* **ACTIVITY**
Your answer must consist only of the lines from the start of the entries through the line that holds "5日(水)3時間目、2年1組", copied exactly, with no pictures.
*** TASK MATERIAL ***
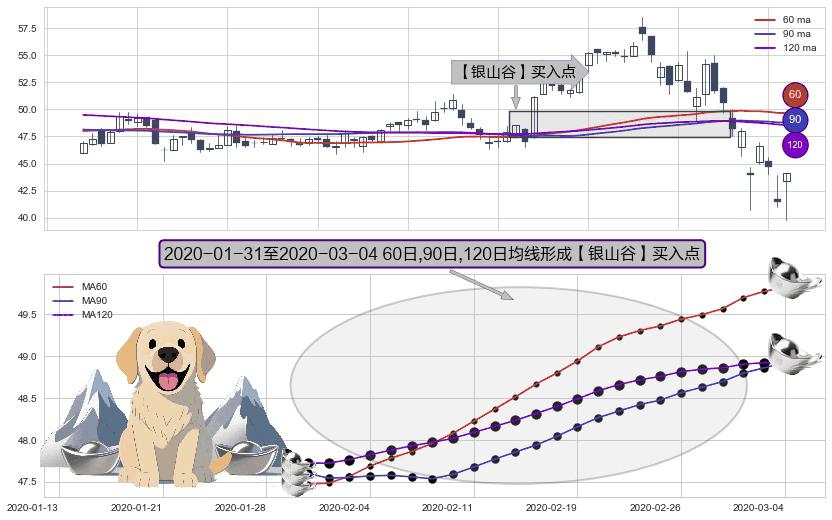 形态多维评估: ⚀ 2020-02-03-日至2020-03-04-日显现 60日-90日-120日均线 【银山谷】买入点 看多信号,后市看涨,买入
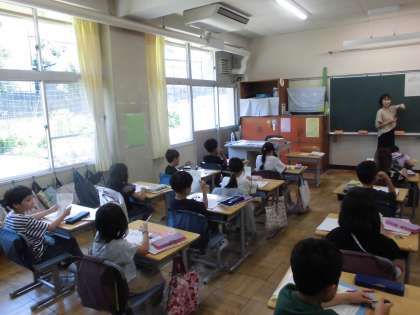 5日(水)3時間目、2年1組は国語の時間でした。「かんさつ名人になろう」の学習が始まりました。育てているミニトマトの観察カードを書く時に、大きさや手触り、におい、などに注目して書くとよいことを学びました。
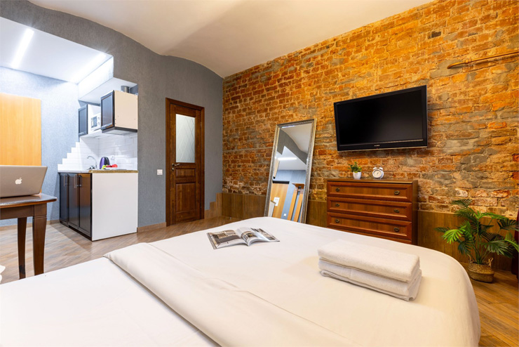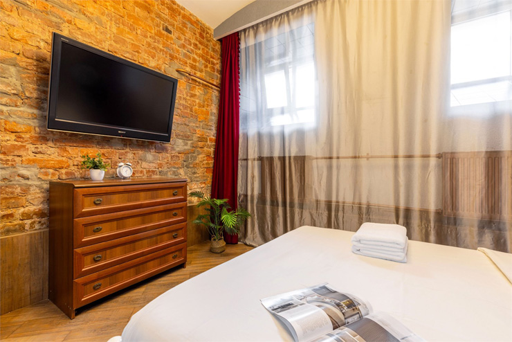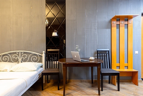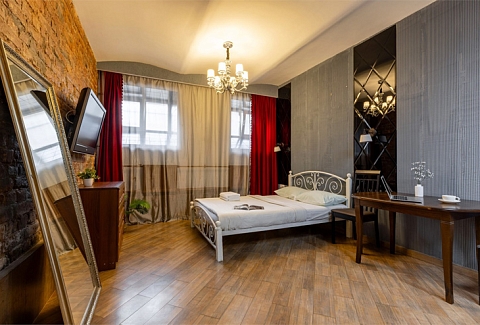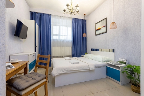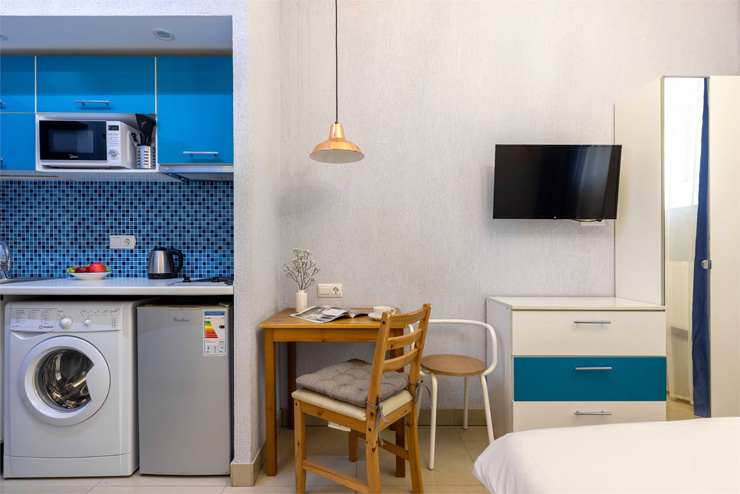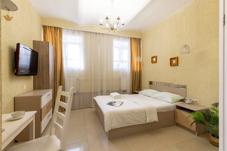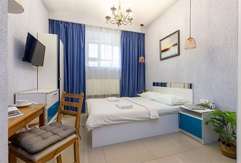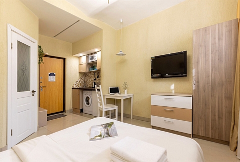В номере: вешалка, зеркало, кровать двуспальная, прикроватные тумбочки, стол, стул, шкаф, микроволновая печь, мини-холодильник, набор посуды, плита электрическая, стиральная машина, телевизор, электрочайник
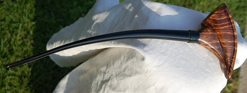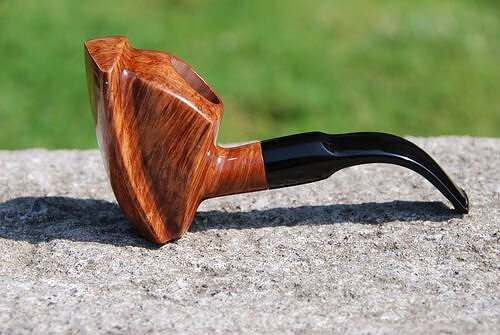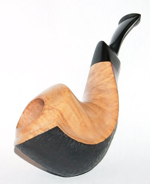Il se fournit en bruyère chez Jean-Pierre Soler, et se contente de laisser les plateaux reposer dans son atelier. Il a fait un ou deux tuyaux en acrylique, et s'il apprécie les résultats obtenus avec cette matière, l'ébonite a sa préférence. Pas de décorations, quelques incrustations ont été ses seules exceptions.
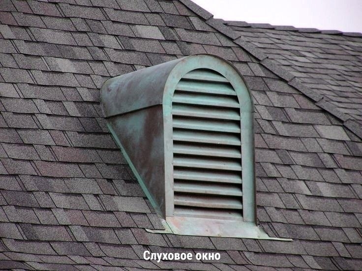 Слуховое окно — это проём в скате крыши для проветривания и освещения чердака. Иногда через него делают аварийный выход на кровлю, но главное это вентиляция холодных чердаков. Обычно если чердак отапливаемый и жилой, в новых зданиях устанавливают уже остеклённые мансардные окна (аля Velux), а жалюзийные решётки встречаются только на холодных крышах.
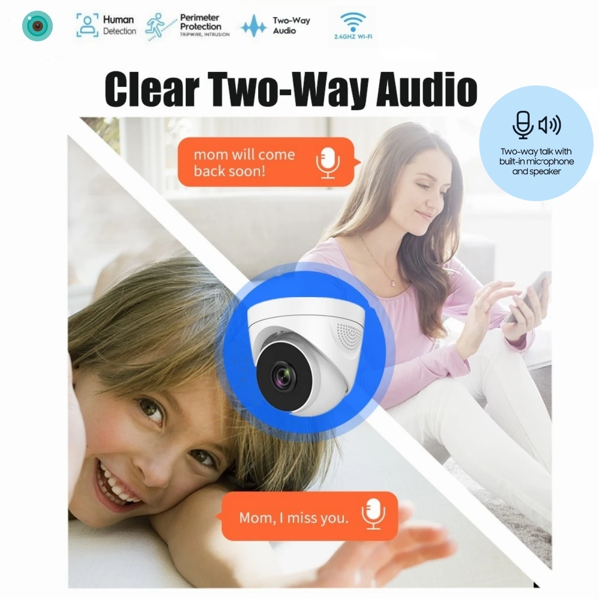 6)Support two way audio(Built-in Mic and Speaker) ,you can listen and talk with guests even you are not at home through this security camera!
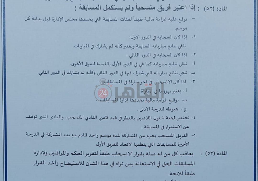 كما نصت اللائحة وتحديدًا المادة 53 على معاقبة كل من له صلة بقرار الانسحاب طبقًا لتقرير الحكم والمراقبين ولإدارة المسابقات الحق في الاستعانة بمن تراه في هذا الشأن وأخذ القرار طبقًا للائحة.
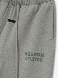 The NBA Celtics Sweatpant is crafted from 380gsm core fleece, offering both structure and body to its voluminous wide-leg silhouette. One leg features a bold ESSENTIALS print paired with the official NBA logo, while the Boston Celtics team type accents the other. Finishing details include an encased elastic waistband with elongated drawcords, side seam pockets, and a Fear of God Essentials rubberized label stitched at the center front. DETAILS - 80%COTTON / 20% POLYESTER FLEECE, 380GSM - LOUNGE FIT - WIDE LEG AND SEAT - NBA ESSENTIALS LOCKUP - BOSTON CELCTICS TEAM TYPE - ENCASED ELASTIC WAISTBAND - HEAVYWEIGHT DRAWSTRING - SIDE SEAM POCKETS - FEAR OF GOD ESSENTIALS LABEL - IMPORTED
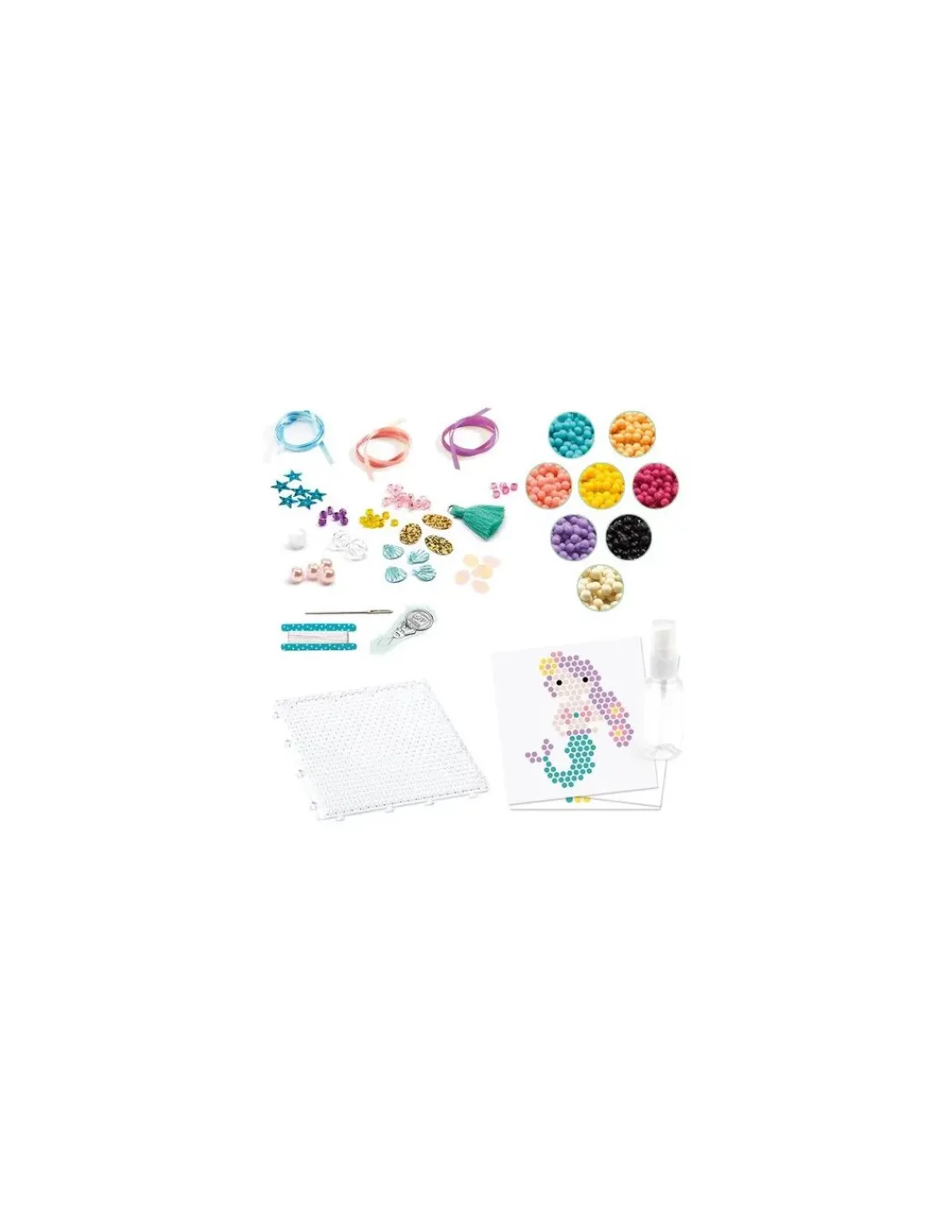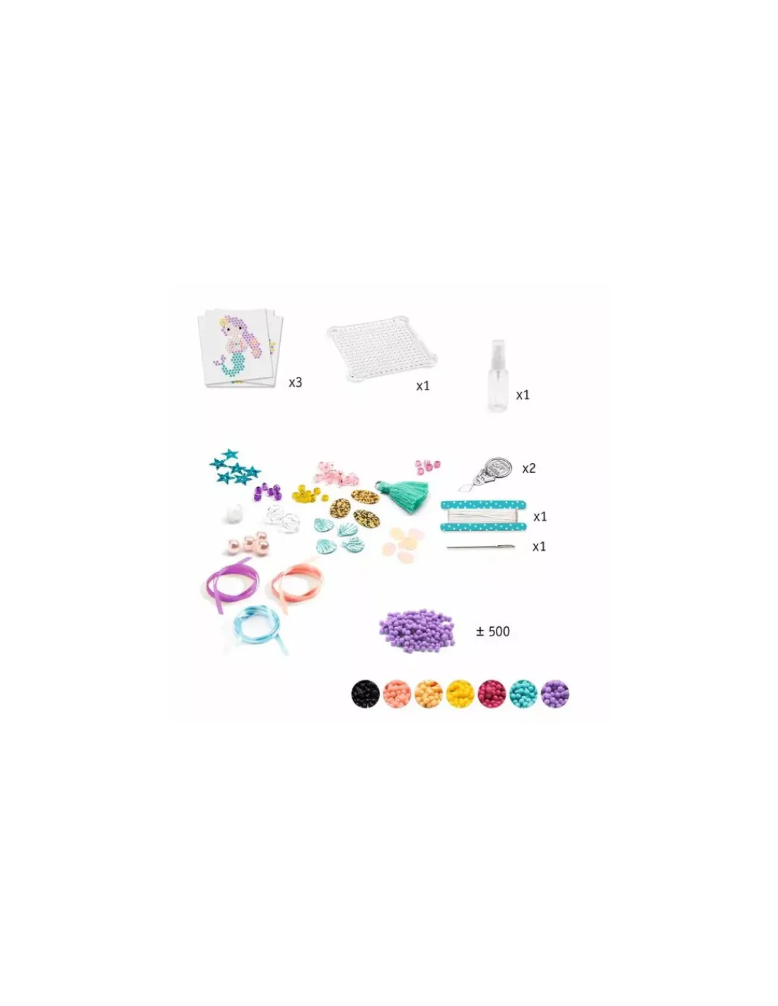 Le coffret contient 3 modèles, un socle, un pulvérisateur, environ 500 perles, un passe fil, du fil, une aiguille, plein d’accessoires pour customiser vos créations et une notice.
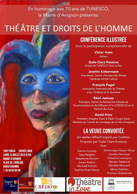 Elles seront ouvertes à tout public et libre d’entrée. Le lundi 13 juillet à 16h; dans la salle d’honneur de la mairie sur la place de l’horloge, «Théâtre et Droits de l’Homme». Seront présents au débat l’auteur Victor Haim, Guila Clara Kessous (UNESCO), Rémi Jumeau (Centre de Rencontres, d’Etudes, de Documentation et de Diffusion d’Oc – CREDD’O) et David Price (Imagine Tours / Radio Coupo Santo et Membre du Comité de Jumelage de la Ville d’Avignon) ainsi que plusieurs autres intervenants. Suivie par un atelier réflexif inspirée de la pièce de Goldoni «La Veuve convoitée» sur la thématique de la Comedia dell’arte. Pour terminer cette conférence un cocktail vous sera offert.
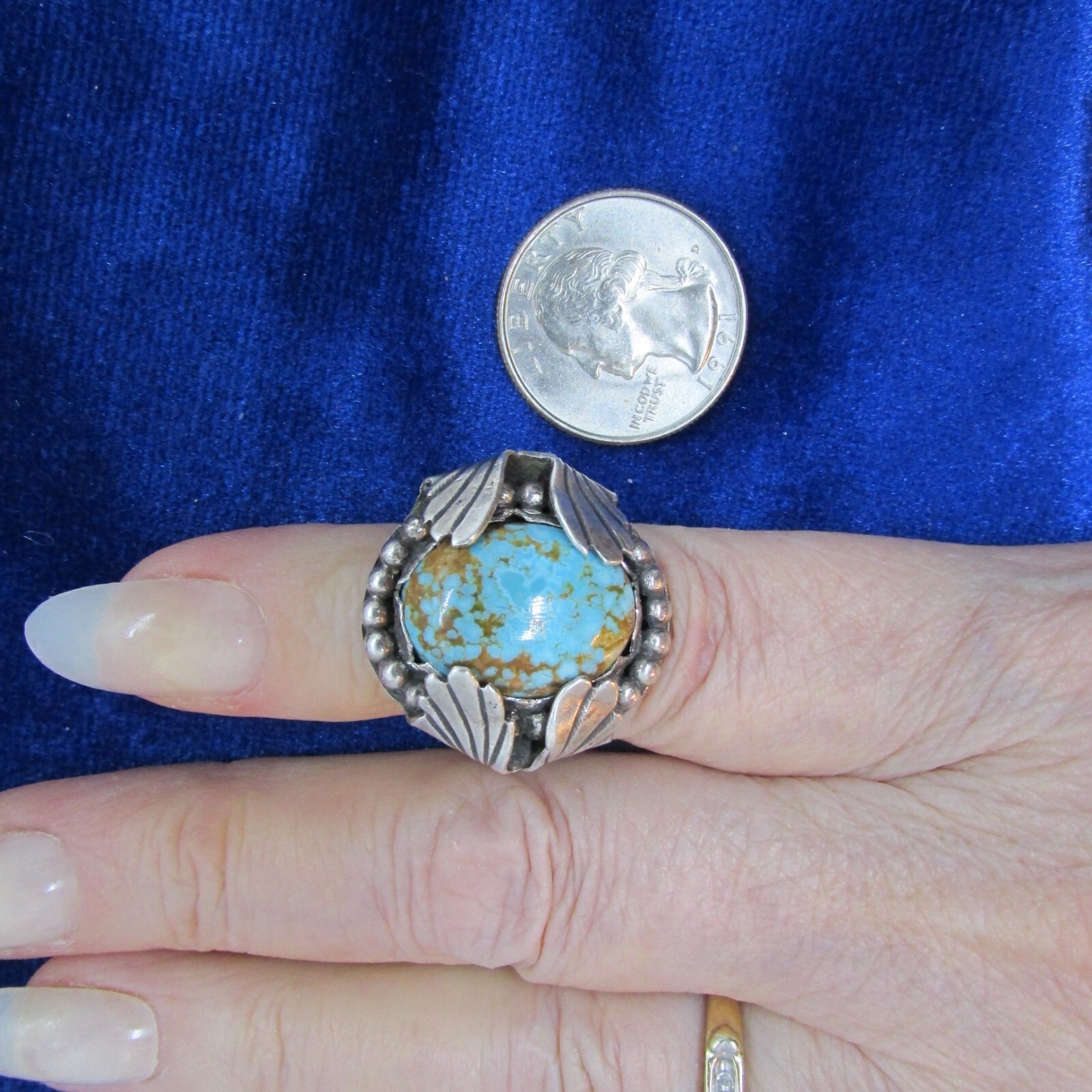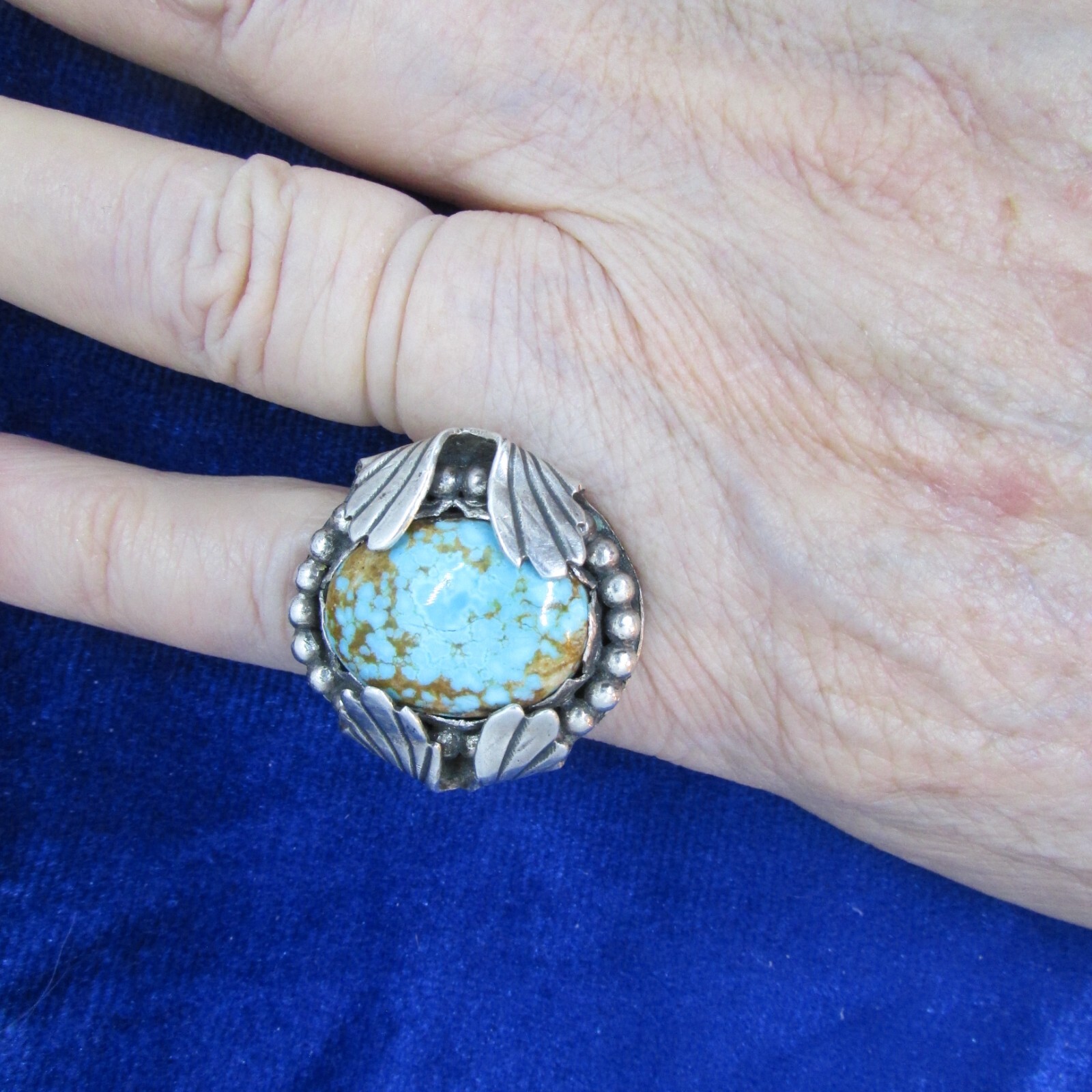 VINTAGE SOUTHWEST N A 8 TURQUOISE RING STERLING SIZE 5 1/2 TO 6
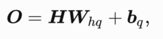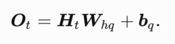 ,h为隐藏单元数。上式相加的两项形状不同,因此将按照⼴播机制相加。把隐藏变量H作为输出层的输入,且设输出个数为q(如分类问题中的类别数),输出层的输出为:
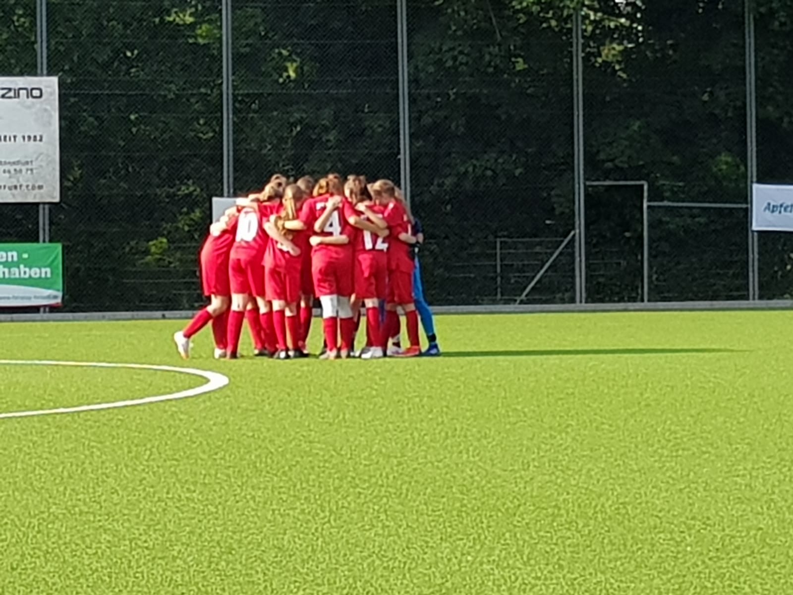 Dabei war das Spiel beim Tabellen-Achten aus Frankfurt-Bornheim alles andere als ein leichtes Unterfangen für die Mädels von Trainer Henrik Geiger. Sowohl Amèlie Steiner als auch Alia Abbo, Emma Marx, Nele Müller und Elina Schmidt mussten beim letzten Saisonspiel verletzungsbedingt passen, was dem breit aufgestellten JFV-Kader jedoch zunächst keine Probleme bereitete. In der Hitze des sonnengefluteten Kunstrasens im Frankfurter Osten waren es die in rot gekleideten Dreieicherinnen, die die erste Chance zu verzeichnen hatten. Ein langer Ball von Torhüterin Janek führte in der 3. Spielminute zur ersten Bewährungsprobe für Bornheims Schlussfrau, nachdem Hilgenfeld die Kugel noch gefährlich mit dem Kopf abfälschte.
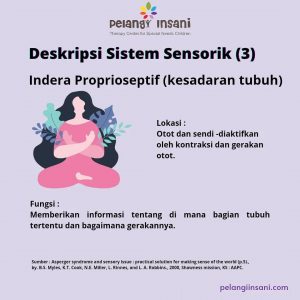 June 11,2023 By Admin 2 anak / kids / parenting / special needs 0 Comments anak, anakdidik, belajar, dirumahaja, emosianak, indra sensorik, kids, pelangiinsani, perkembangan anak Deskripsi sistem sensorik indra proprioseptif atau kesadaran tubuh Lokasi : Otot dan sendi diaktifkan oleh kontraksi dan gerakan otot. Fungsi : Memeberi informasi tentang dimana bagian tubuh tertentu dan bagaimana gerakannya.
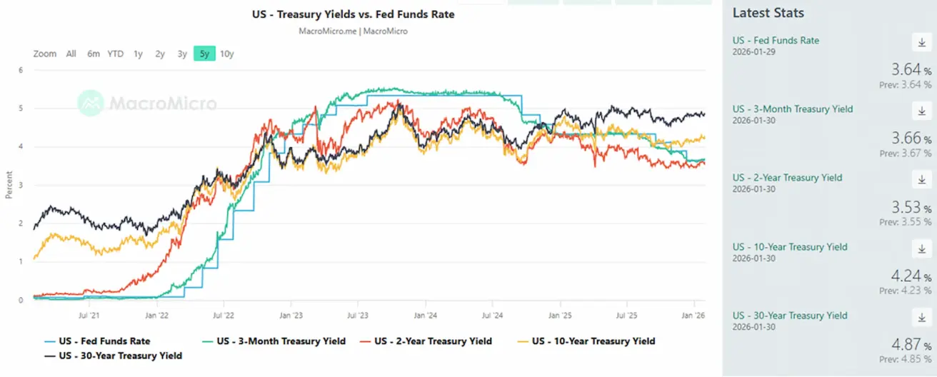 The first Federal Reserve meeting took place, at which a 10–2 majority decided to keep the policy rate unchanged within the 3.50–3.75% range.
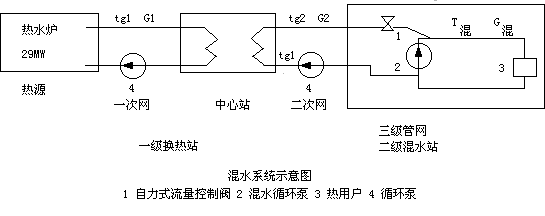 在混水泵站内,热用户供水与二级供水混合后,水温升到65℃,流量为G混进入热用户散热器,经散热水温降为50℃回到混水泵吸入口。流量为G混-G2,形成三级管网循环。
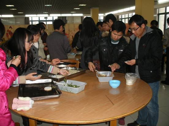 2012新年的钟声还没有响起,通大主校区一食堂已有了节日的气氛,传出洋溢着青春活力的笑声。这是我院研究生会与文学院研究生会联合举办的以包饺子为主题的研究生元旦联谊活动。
***
* **TASK OUTPUT**
 形态多维评估: ⚀ 2020-02-03-日至2020-03-04-日显现 60日-90日-120日均线 【银山谷】买入点 看多信号,后市看涨,买入
 5日(水)3時間目、2年1組は国語の時間でした。「かんさつ名人になろう」の学習が始まりました。育てているミニトマトの観察カードを書く時に、大きさや手触り、におい、などに注目して書くとよいことを学びました。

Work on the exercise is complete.